*Task directions*:
Each line below from the one containing "en bedrijf. |" through the one containing "Surface water supply" should be output exactly as it stands, and no other line should appear.

-- Available data follows --

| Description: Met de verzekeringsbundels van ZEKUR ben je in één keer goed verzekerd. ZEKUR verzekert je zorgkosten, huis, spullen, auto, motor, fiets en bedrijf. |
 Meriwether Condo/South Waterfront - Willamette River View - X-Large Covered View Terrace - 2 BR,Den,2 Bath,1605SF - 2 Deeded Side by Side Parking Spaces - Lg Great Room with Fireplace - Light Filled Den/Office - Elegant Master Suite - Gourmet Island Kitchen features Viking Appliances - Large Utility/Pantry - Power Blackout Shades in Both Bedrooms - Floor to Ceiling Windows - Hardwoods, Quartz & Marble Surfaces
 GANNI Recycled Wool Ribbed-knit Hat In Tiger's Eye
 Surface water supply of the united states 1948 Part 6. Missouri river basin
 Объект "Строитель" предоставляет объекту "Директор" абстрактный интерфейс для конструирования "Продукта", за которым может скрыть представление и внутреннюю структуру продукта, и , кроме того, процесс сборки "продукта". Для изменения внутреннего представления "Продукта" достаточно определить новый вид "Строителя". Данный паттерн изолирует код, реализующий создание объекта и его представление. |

-- Available data concluded --
-- Available data follows --

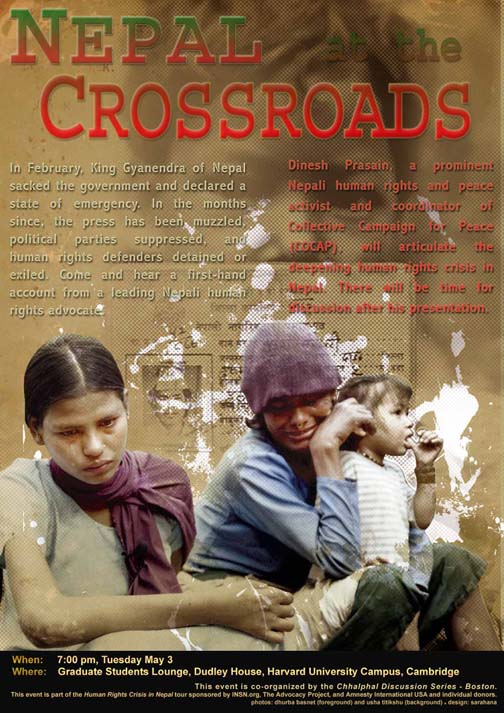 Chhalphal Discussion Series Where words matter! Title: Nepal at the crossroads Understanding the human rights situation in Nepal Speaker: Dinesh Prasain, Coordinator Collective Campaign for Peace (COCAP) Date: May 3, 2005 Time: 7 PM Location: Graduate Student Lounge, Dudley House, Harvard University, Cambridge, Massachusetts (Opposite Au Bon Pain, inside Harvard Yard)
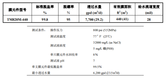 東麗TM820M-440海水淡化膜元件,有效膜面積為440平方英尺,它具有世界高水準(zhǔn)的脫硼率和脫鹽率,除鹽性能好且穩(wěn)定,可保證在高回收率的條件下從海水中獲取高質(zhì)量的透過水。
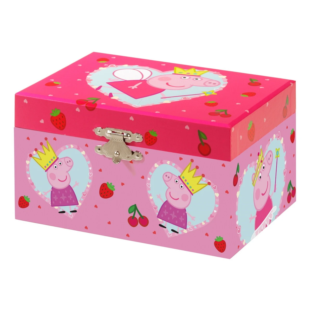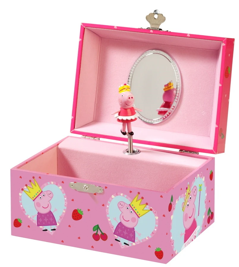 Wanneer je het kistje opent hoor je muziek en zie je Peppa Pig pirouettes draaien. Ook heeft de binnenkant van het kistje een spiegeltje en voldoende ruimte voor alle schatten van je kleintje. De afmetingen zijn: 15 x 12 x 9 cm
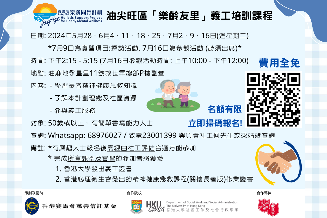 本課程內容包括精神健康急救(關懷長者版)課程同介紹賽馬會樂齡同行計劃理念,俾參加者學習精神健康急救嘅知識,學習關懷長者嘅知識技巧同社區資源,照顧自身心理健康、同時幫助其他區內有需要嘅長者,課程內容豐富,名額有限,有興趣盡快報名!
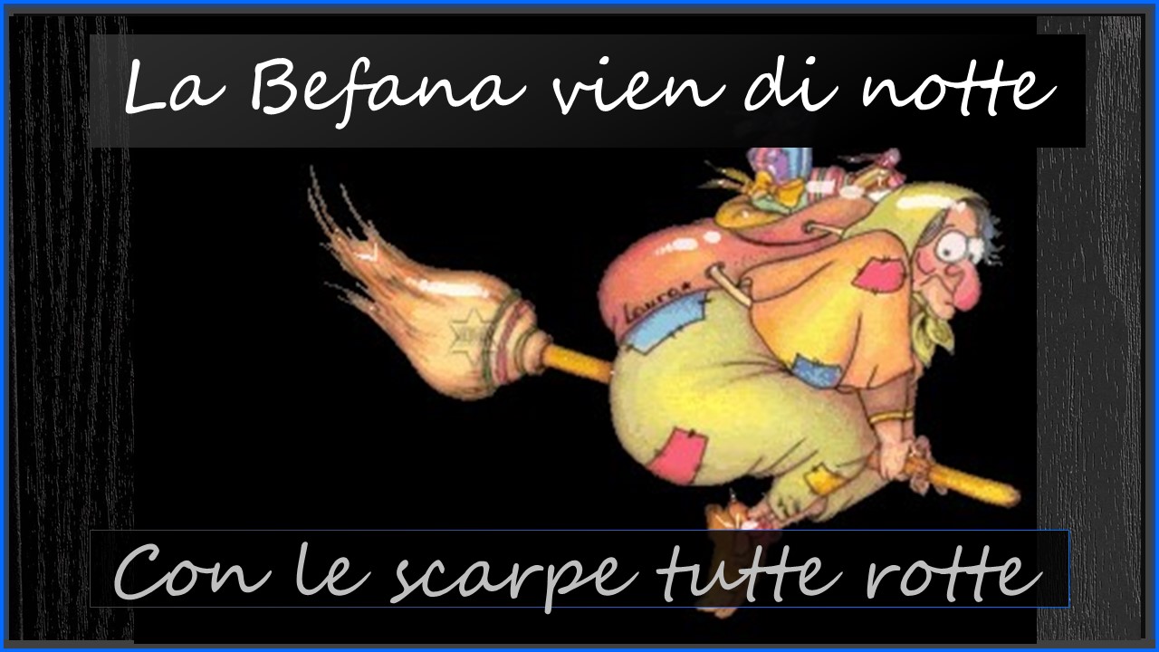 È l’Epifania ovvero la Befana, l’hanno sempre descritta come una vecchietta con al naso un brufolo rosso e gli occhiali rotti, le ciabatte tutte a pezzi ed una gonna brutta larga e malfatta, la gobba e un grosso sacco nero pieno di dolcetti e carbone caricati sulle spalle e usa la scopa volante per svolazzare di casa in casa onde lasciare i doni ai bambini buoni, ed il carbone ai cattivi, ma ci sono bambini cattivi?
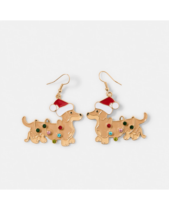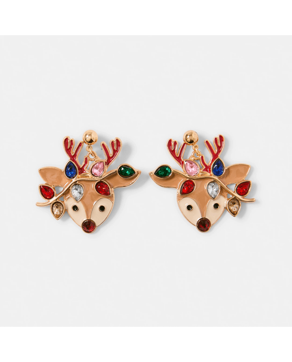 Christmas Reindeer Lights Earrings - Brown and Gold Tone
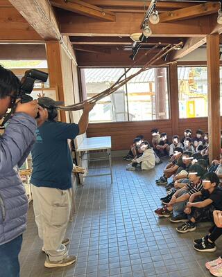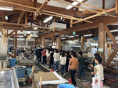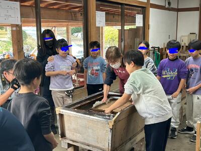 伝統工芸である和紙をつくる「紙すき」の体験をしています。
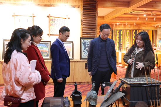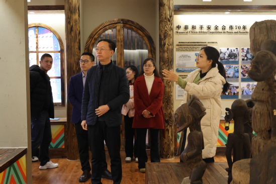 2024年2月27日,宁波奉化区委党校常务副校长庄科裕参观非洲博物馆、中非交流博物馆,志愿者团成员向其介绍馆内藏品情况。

-- Available data concluded --

*Solved problem*:
| Description: Met de verzekeringsbundels van ZEKUR ben je in één keer goed verzekerd. ZEKUR verzekert je zorgkosten, huis, spullen, auto, motor, fiets en bedrijf. |
 Meriwether Condo/South Waterfront - Willamette River View - X-Large Covered View Terrace - 2 BR,Den,2 Bath,1605SF - 2 Deeded Side by Side Parking Spaces - Lg Great Room with Fireplace - Light Filled Den/Office - Elegant Master Suite - Gourmet Island Kitchen features Viking Appliances - Large Utility/Pantry - Power Blackout Shades in Both Bedrooms - Floor to Ceiling Windows - Hardwoods, Quartz & Marble Surfaces
 GANNI Recycled Wool Ribbed-knit Hat In Tiger's Eye
 Surface water supply of the united states 1948 Part 6. Missouri river basin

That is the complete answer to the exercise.